*WHAT IS NEEDED*.
Output every line below as it stands, dropping only the images.

*COLLECTED MATERIAL*.
-=-=-=-=-

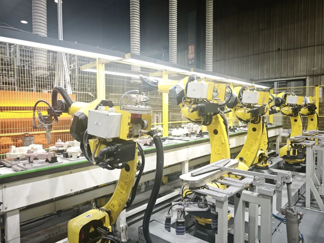▲威斯卡特武汉工厂车间,机器人正在进行砂芯组芯自动化操作
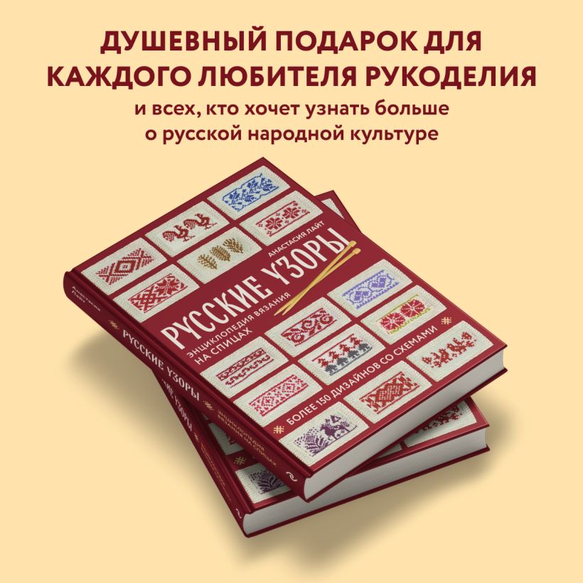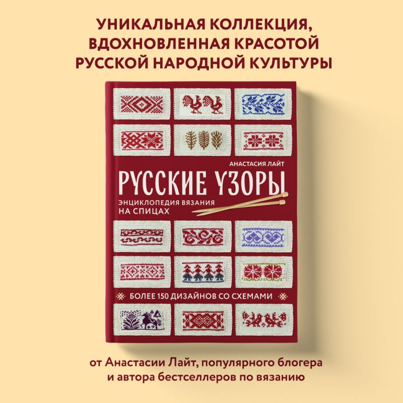 «Вы прикоснетесь к исконно русским вековым традициям и сохраните для будущих поколений уникальные народные орнаменты. Вязание — увлекательное дело, а вязать узоры, которые вышивали наши бабушки и прабабушки, бесценно!» — так считает замечательный мастер Анастасия Лайт, и, более того, она уверена, что традиционные народные мотивы нашего народа должны сменить поднадоевшие уже, но до сих пор модные норвежские узоры в современном вязании.
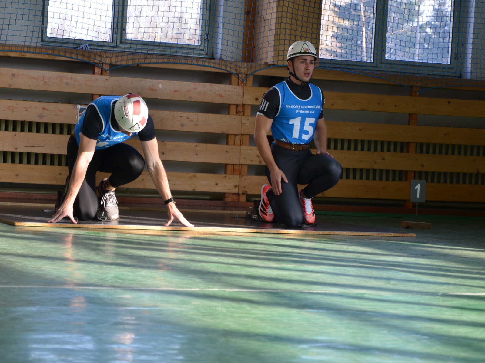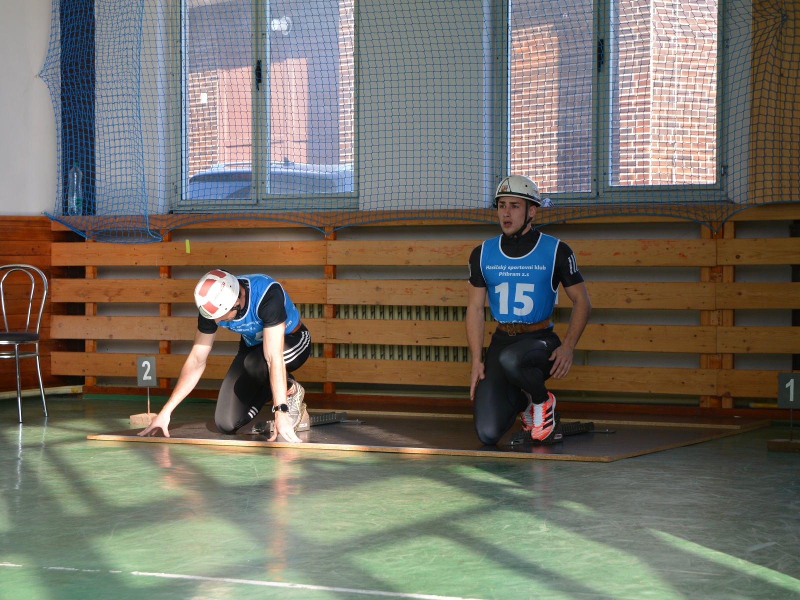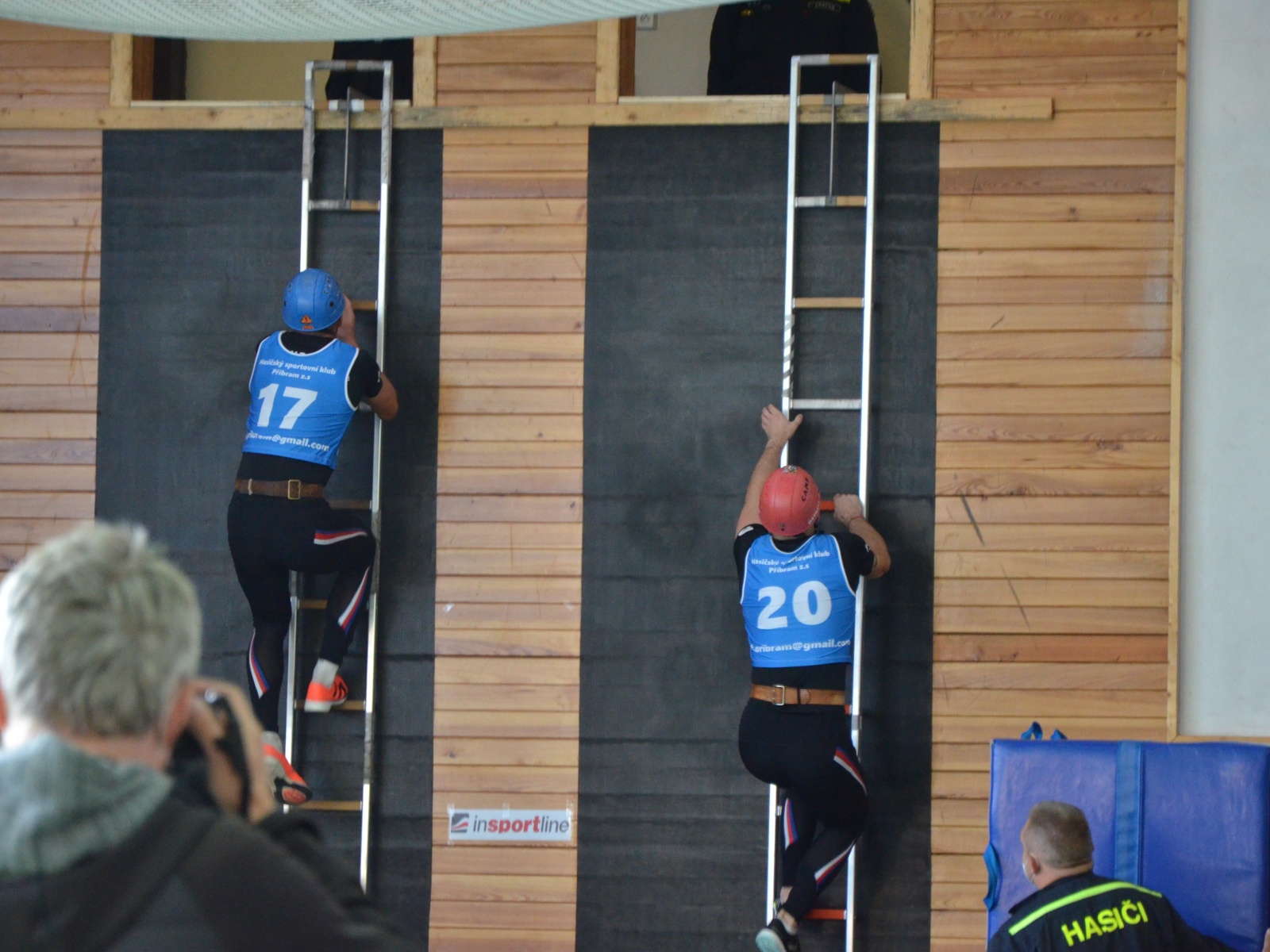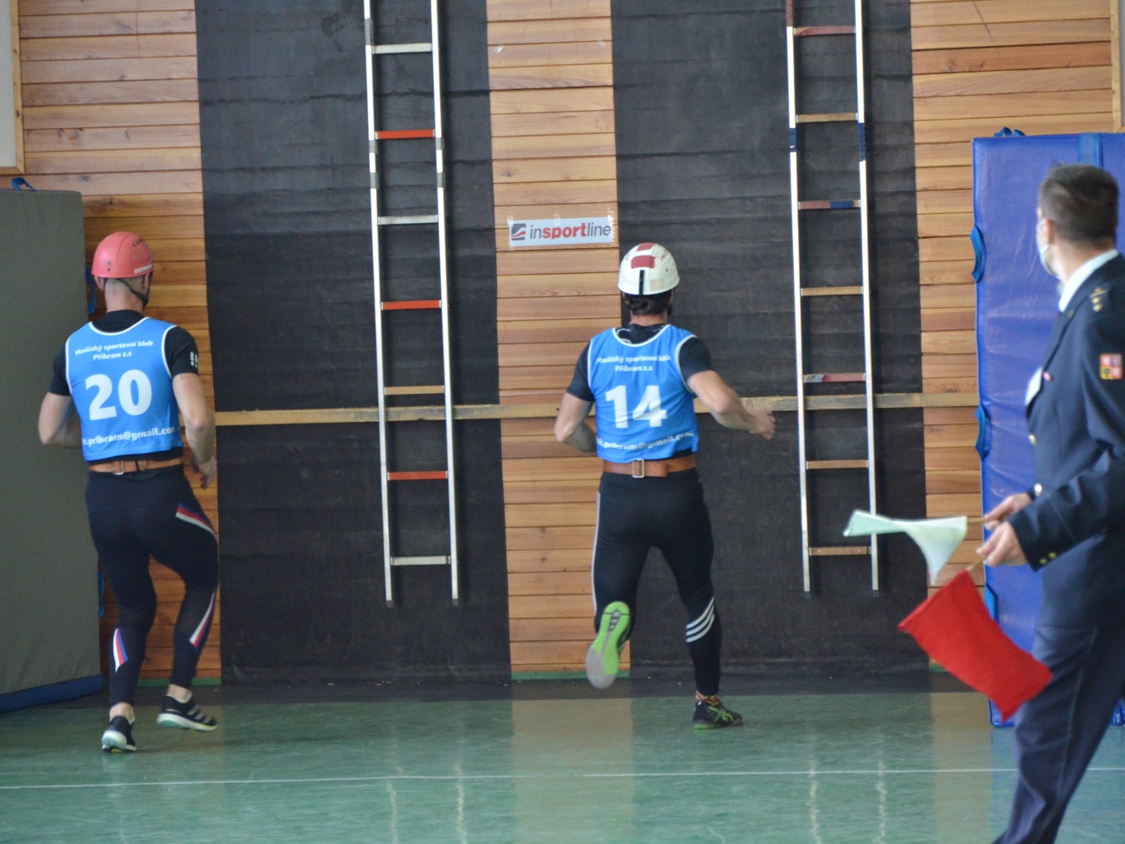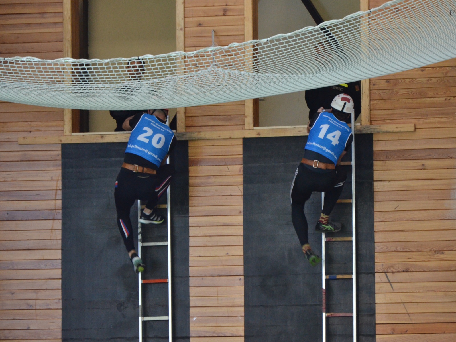 Poslední říjnovou sobotu se na stanici v Příbrami od devíti hodin dopoledne konal už čtvrtý ročník halové soutěže ve výstupu do čtvrtého podlaží cvičné věže pomocí jednohákového žebříku.

-=-=-=-=-

*YOUR RESPONSE*.
▲威斯卡特武汉工厂车间,机器人正在进行砂芯组芯自动化操作
 «Вы прикоснетесь к исконно русским вековым традициям и сохраните для будущих поколений уникальные народные орнаменты. Вязание — увлекательное дело, а вязать узоры, которые вышивали наши бабушки и прабабушки, бесценно!» — так считает замечательный мастер Анастасия Лайт, и, более того, она уверена, что традиционные народные мотивы нашего народа должны сменить поднадоевшие уже, но до сих пор модные норвежские узоры в современном вязании.
 Poslední říjnovou sobotu se na stanici v Příbrami od devíti hodin dopoledne konal už čtvrtý ročník halové soutěže ve výstupu do čtvrtého podlaží cvičné věže pomocí jednohákového žebříku.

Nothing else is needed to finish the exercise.